Dosing & Administration
Imatinib is administered via the Oral route. Oral administration involves absorption from the gastrointestinal tract, and bioavailability may be affected by food intake, formulation, and first-pass metabolism.
Dosing recommendations should always follow approved prescribing information. The interactive simulator allows you to explore different dosing scenarios and their impact on drug exposure metrics such as AUC, Cmax, and Ctrough.
Clinical Considerations
In the Oncology therapeutic area, for the treatment of CML / GIST, understanding the pharmacokinetics of Imatinib is essential for dose optimization and therapeutic drug monitoring. Key clinical factors that may affect Imatinib pharmacokinetics include:
- •Body weight and body composition
- •Renal and hepatic function
- •Drug-drug interactions and concomitant medications
- •Age, sex, and genetic polymorphisms
Interactive Imatinib PK Simulator
Explore Imatinib pharmacokinetics interactively. Adjust doses, dosing intervals, and patient covariates to visualize concentration-time profiles in real time.
Frequently Asked Questions
What is the half-life of Imatinib?
The elimination half-life of Imatinib depends on patient-specific factors. Based on published models, the typical half-life is approximately 18 h (parent), 40 h (metabolite).

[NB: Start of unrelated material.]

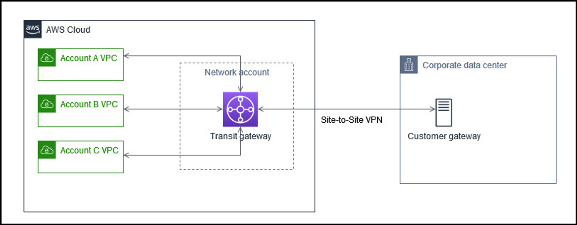 가상 사설 클라우드(VPC)와 온프레미스 네트워크를 상호 연결하는 데 사용할 수 있는 네트워크 전송 허브

How is Imatinib administered?
Imatinib is administered via the Oral route. It is indicated for CML / GIST. As a Small Molecule, dosing regimens should follow approved prescribing information and clinical guidelines.
What are the key PK parameters of Imatinib?
Key pharmacokinetic parameters for Imatinib include clearance (CL), volume of distribution (Vd), and elimination half-life. See the PK Parameters section above for specific values from published models.
Can I simulate Imatinib dosing scenarios for free?
Yes! PKPDBuilder offers a completely free, interactive Imatinib PK simulator based on published pharmacometric models. No login required. Use it to explore different doses, dosing intervals, and patient covariates.
⚠️ Disclaimer
This guide is for research and educational purposes only. It is not intended for clinical decision-making or patient dosing. Parameters are derived from published literature and represent population estimates. Always consult approved prescribing information for clinical use.